→ **Stored data**
..........
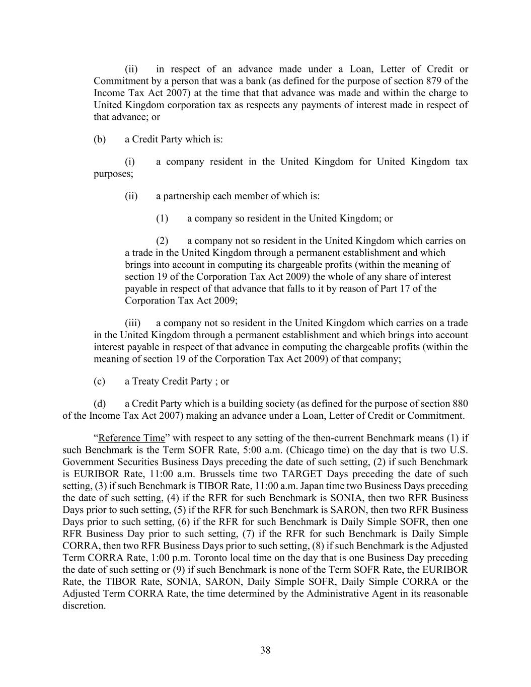 38 (ii) in respect of an advance made under a Loan, Letter of Credit or Commitment by a person that was a bank (as defined for the purpose of section 879 of the Income Tax Act 2007) at the time that that advance was made and within the charge to United Kingdom corporation tax as respects any payments of interest made in respect of that advance; or (b) a Credit Party which is: (i) a company resident in the United Kingdom for United Kingdom tax purposes; (ii) a partnership each member of which is: (1) a company so resident in the United Kingdom; or (2) a company not so resident in the United Kingdom which carries on a trade in the United Kingdom through a permanent establishment and which brings into account in computing its chargeable profits (within the meaning of section 19 of the Corporation Tax Act 2009) the whole of any share of interest payable in respect of that advance that falls to it by reason of Part 17 of the Corporation Tax Act 2009; (iii) a company not so resident in the United Kingdom which carries on a trade in the United Kingdom through a permanent establishment and which brings into account interest payable in respect of that advance in computing the chargeable profits (within the meaning of section 19 of the Corporation Tax Act 2009) of that company; (c) a Treaty Credit Party ; or (d) a Credit Party which is a building society (as defined for the purpose of section 880 of the Income Tax Act 2007) making an advance under a Loan, Letter of Credit or Commitment. “Reference Time” with respect to any setting of the then-current Benchmark means (1) if such Benchmark is the Term SOFR Rate, 5:00 a.m. (Chicago time) on the day that is two U.S. Government Securities Business Days preceding the date of such setting, (2) if such Benchmark is EURIBOR Rate, 11:00 a.m. Brussels time two TARGET Days preceding the date of such setting, (3) if such Benchmark is TIBOR Rate, 11:00 a.m. Japan time two Business Days preceding the date of such setting, (4) if the RFR for such Benchmark is SONIA, then two RFR Business Days prior to such setting, (5) if the RFR for such Benchmark is SARON, then two RFR Business Days prior to such setting, (6) if the RFR for such Benchmark is Daily Simple SOFR, then one RFR Business Day prior to such setting, (7) if the RFR for such Benchmark is Daily Simple CORRA, then two RFR Business Days prior to such setting, (8) if such Benchmark is the Adjusted Term CORRA Rate, 1:00 p.m. Toronto local time on the day that is one Business Day preceding the date of such setting or (9) if such Benchmark is none of the Term SOFR Rate, the EURIBOR Rate, the TIBOR Rate, SONIA, SARON, Daily Simple SOFR, Daily Simple CORRA or the Adjusted Term CORRA Rate, the time determined by the Administrative Agent in its reasonable discretion.
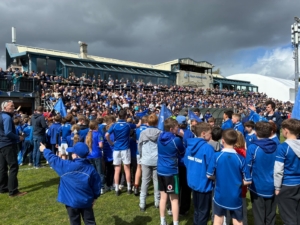 There were 200-250 of our cheering young mini players forming an avenue of blue and white waving flags and banners for the players coming on to the pitch, A tunnel of love. Behind them was the ubiquitous John Pyne and his St Mary’s Flag. Then the epic joust unfolded.
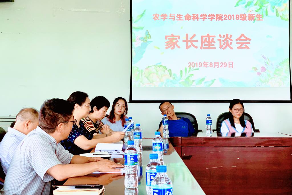 2019829日下午,为及时让新生及家长进一步了解我院办学条件办学水平及特色,体现我院“家长满意、学生满意”的服务意识,农学与生命科学学院在农学楼1601会议室举行了2019级新生家长座谈会。院长王定康、党委书记翟书华、党委副书记杨丽华等学院党政领导、辅导员、新生及家长代表近40入参加了座谈。
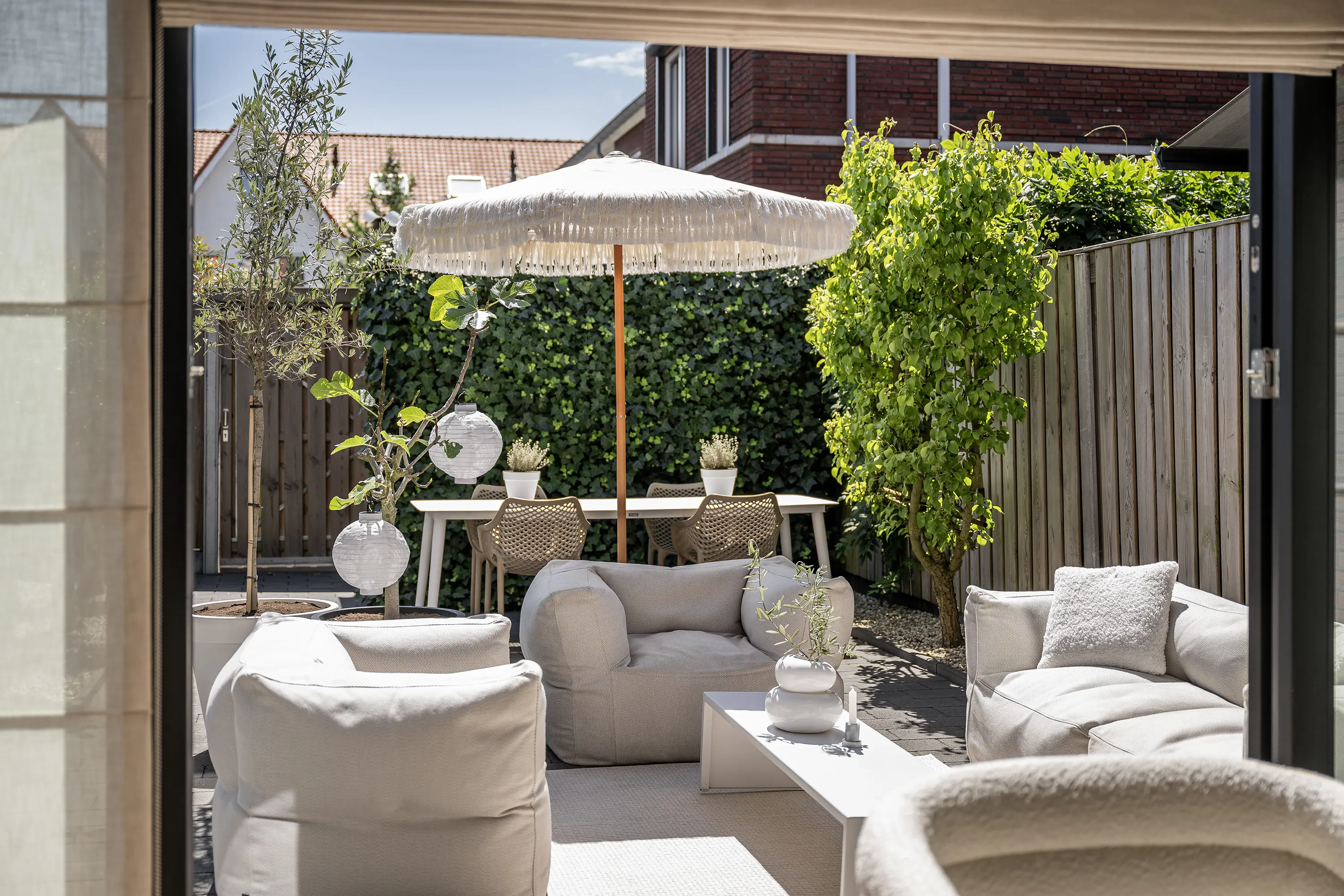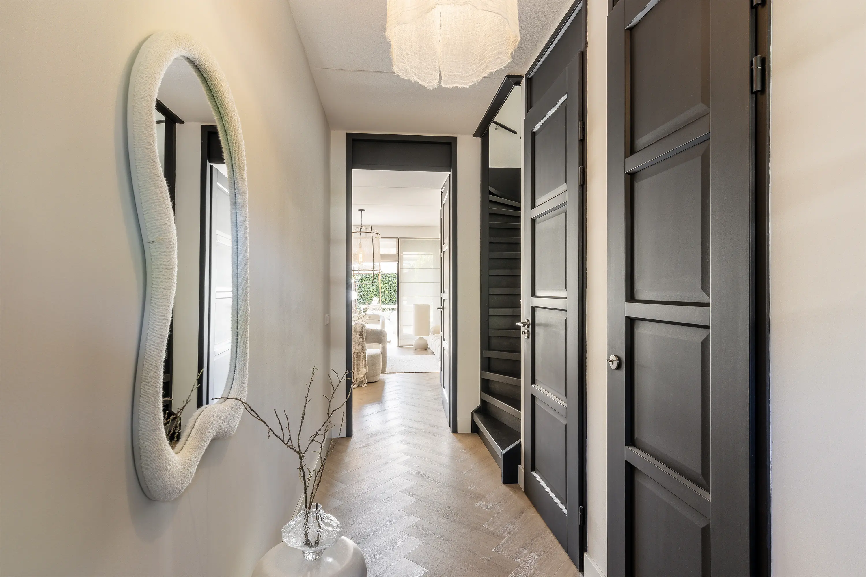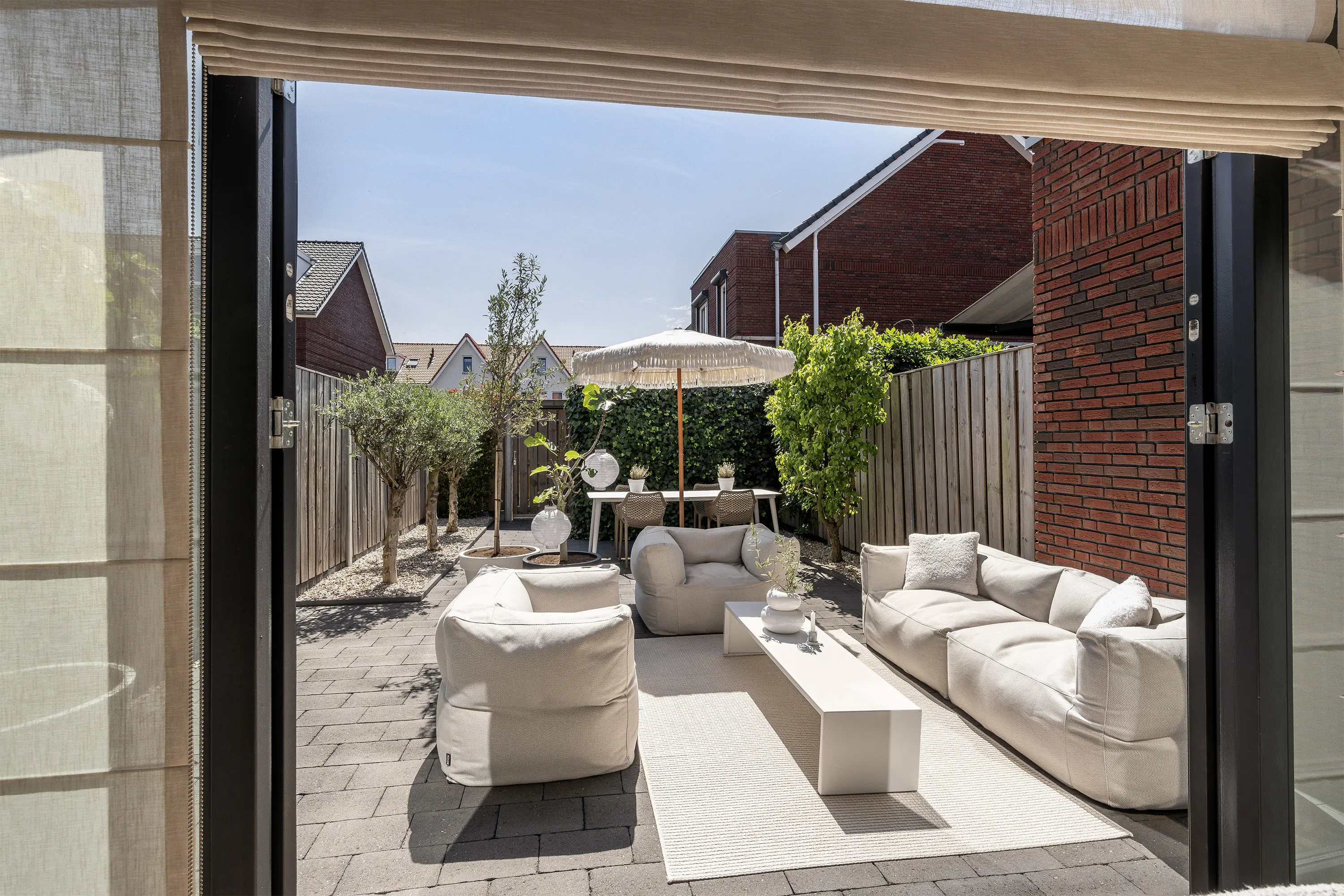 Aan de achterzijde van de woonkamer is een royale zithoek gesitueerd. De pvc-visgraatvloer, die vanuit de gang is doorgelegd, geeft de ruimte extra warmte en sfeer. Met de strakke lichte wanden, de openslaande deuren en de beige tinten ontstaat tevens een stijlvol en eigentijds geheel.
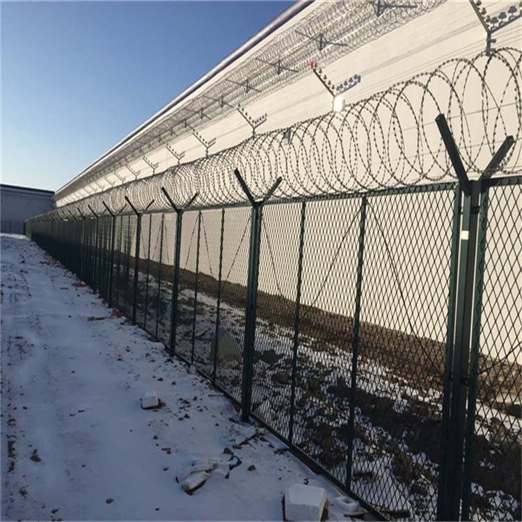 云南看守所鋼網墻采用高強度的刀片刺網與普通防護網的結合,由V型支架立拄,加強型焊接片網,安全防盜連接件和組成。監獄護欄網網格結構簡練、便于運輸、安裝不受地形起伏限制,特別是對于山地、坡地、多彎地帶適應性強。螺旋型交叉刀片刺網是在兩條刀片刺網之間以不銹鋼片和鍍鋅鋼片強力夾扣,展開后即呈交叉狀,美觀又實用。
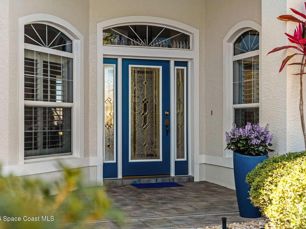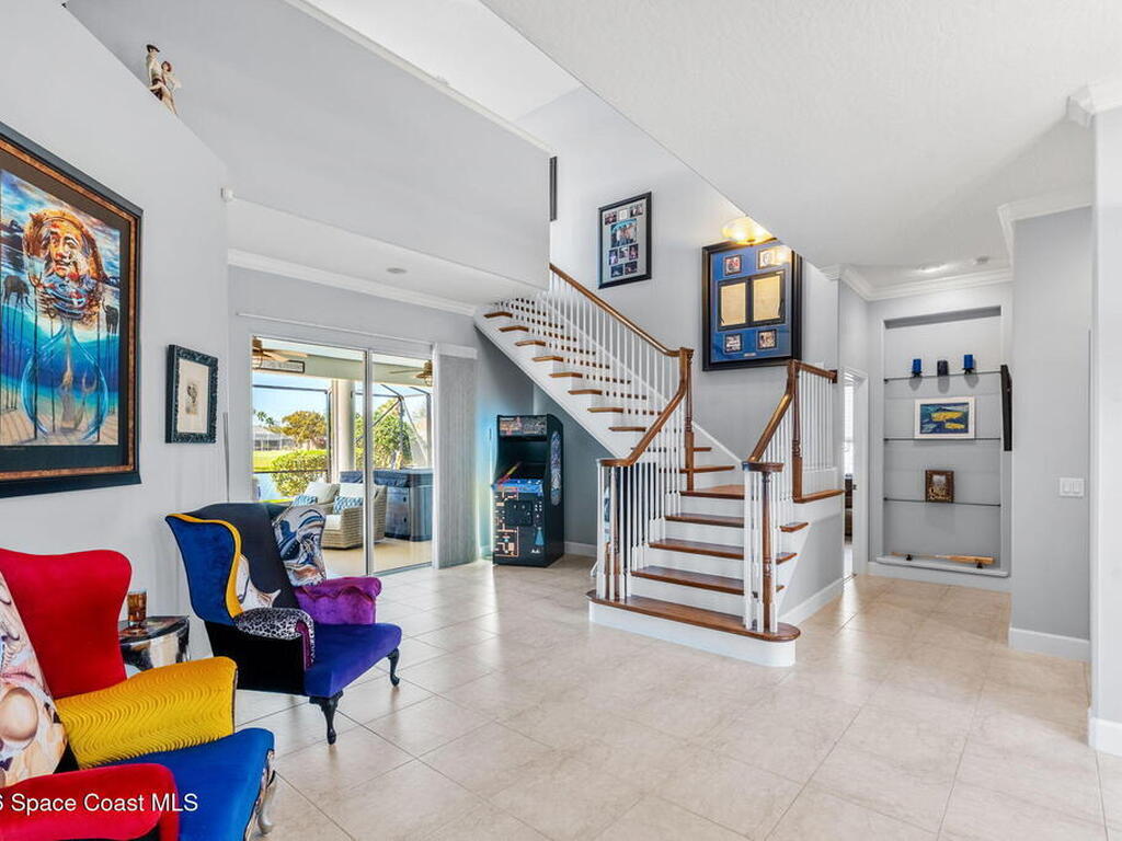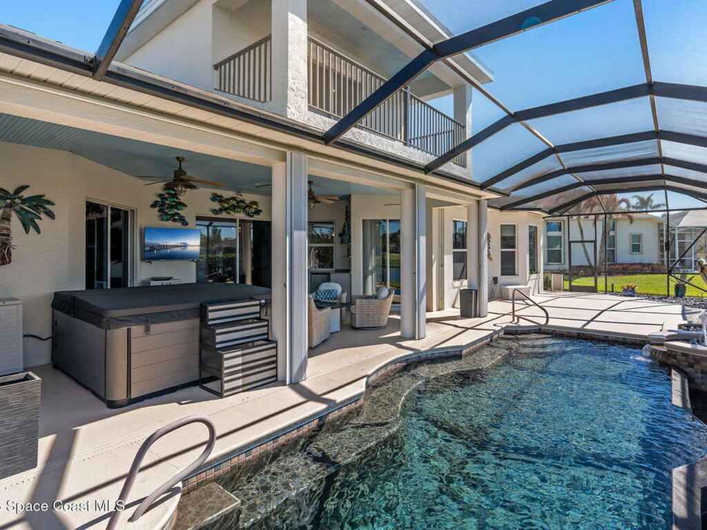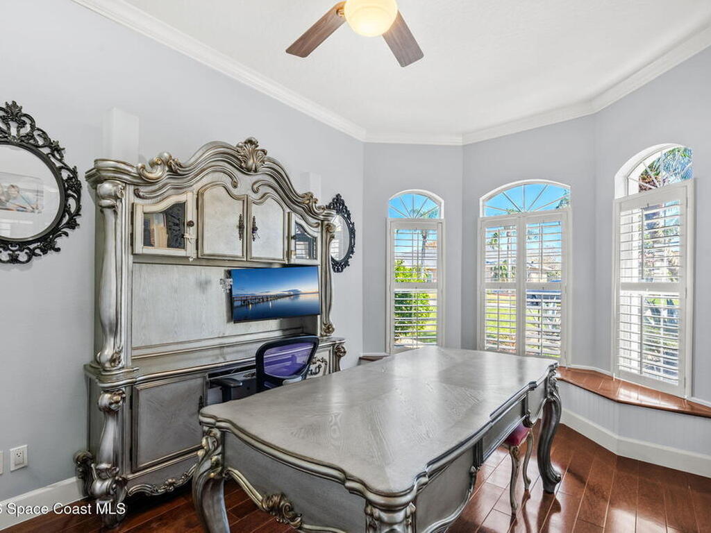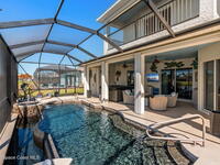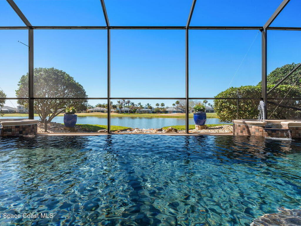 WELCOME to this STUNNING Merritt Island Golf Course Residence! A custom-built home that encompasses the best of impressive upgrades & builder touches. Tour this elegant 3 BED 2.5 BATH PLUS a private Office home that is beautifully appointed with soaring ceilings, a Chef's Kitchen, grand primary bedroom with 2 walk in closets with one transformed to a safe room. The spacious floor-plan also allows a separate upstairs OFFICE LOFT, complete with MILLION DOLLAR VIEWS from the covered balcony, perfect for the family that may be working remotely from home! The three car garage boosts oversized garage doors and a split entrance. Bask in the Florida sunshine as you swim laps in the INFINITY POOL, complete with fountains & a stone waterfall. After enjoying dinner at the summer kitchen, end the evening by relaxing by the cozy fire. Perfect proximity to NASA, the Space Coast Beaches & Orlando. This gorgeous home is not to be missed!
..........
Retype all the data exactly. Omit pictures.

 38 (ii) in respect of an advance made under a Loan, Letter of Credit or Commitment by a person that was a bank (as defined for the purpose of section 879 of the Income Tax Act 2007) at the time that that advance was made and within the charge to United Kingdom corporation tax as respects any payments of interest made in respect of that advance; or (b) a Credit Party which is: (i) a company resident in the United Kingdom for United Kingdom tax purposes; (ii) a partnership each member of which is: (1) a company so resident in the United Kingdom; or (2) a company not so resident in the United Kingdom which carries on a trade in the United Kingdom through a permanent establishment and which brings into account in computing its chargeable profits (within the meaning of section 19 of the Corporation Tax Act 2009) the whole of any share of interest payable in respect of that advance that falls to it by reason of Part 17 of the Corporation Tax Act 2009; (iii) a company not so resident in the United Kingdom which carries on a trade in the United Kingdom through a permanent establishment and which brings into account interest payable in respect of that advance in computing the chargeable profits (within the meaning of section 19 of the Corporation Tax Act 2009) of that company; (c) a Treaty Credit Party ; or (d) a Credit Party which is a building society (as defined for the purpose of section 880 of the Income Tax Act 2007) making an advance under a Loan, Letter of Credit or Commitment. “Reference Time” with respect to any setting of the then-current Benchmark means (1) if such Benchmark is the Term SOFR Rate, 5:00 a.m. (Chicago time) on the day that is two U.S. Government Securities Business Days preceding the date of such setting, (2) if such Benchmark is EURIBOR Rate, 11:00 a.m. Brussels time two TARGET Days preceding the date of such setting, (3) if such Benchmark is TIBOR Rate, 11:00 a.m. Japan time two Business Days preceding the date of such setting, (4) if the RFR for such Benchmark is SONIA, then two RFR Business Days prior to such setting, (5) if the RFR for such Benchmark is SARON, then two RFR Business Days prior to such setting, (6) if the RFR for such Benchmark is Daily Simple SOFR, then one RFR Business Day prior to such setting, (7) if the RFR for such Benchmark is Daily Simple CORRA, then two RFR Business Days prior to such setting, (8) if such Benchmark is the Adjusted Term CORRA Rate, 1:00 p.m. Toronto local time on the day that is one Business Day preceding the date of such setting or (9) if such Benchmark is none of the Term SOFR Rate, the EURIBOR Rate, the TIBOR Rate, SONIA, SARON, Daily Simple SOFR, Daily Simple CORRA or the Adjusted Term CORRA Rate, the time determined by the Administrative Agent in its reasonable discretion.
 There were 200-250 of our cheering young mini players forming an avenue of blue and white waving flags and banners for the players coming on to the pitch, A tunnel of love. Behind them was the ubiquitous John Pyne and his St Mary’s Flag. Then the epic joust unfolded.
 2019829日下午,为及时让新生及家长进一步了解我院办学条件办学水平及特色,体现我院“家长满意、学生满意”的服务意识,农学与生命科学学院在农学楼1601会议室举行了2019级新生家长座谈会。院长王定康、党委书记翟书华、党委副书记杨丽华等学院党政领导、辅导员、新生及家长代表近40入参加了座谈。
 Aan de achterzijde van de woonkamer is een royale zithoek gesitueerd. De pvc-visgraatvloer, die vanuit de gang is doorgelegd, geeft de ruimte extra warmte en sfeer. Met de strakke lichte wanden, de openslaande deuren en de beige tinten ontstaat tevens een stijlvol en eigentijds geheel.
 云南看守所鋼網墻采用高強度的刀片刺網與普通防護網的結合,由V型支架立拄,加強型焊接片網,安全防盜連接件和組成。監獄護欄網網格結構簡練、便于運輸、安裝不受地形起伏限制,特別是對于山地、坡地、多彎地帶適應性強。螺旋型交叉刀片刺網是在兩條刀片刺網之間以不銹鋼片和鍍鋅鋼片強力夾扣,展開后即呈交叉狀,美觀又實用。
 WELCOME to this STUNNING Merritt Island Golf Course Residence! A custom-built home that encompasses the best of impressive upgrades & builder touches. Tour this elegant 3 BED 2.5 BATH PLUS a private Office home that is beautifully appointed with soaring ceilings, a Chef's Kitchen, grand primary bedroom with 2 walk in closets with one transformed to a safe room. The spacious floor-plan also allows a separate upstairs OFFICE LOFT, complete with MILLION DOLLAR VIEWS from the covered balcony, perfect for the family that may be working remotely from home! The three car garage boosts oversized garage doors and a split entrance. Bask in the Florida sunshine as you swim laps in the INFINITY POOL, complete with fountains & a stone waterfall. After enjoying dinner at the summer kitchen, end the evening by relaxing by the cozy fire. Perfect proximity to NASA, the Space Coast Beaches & Orlando. This gorgeous home is not to be missed!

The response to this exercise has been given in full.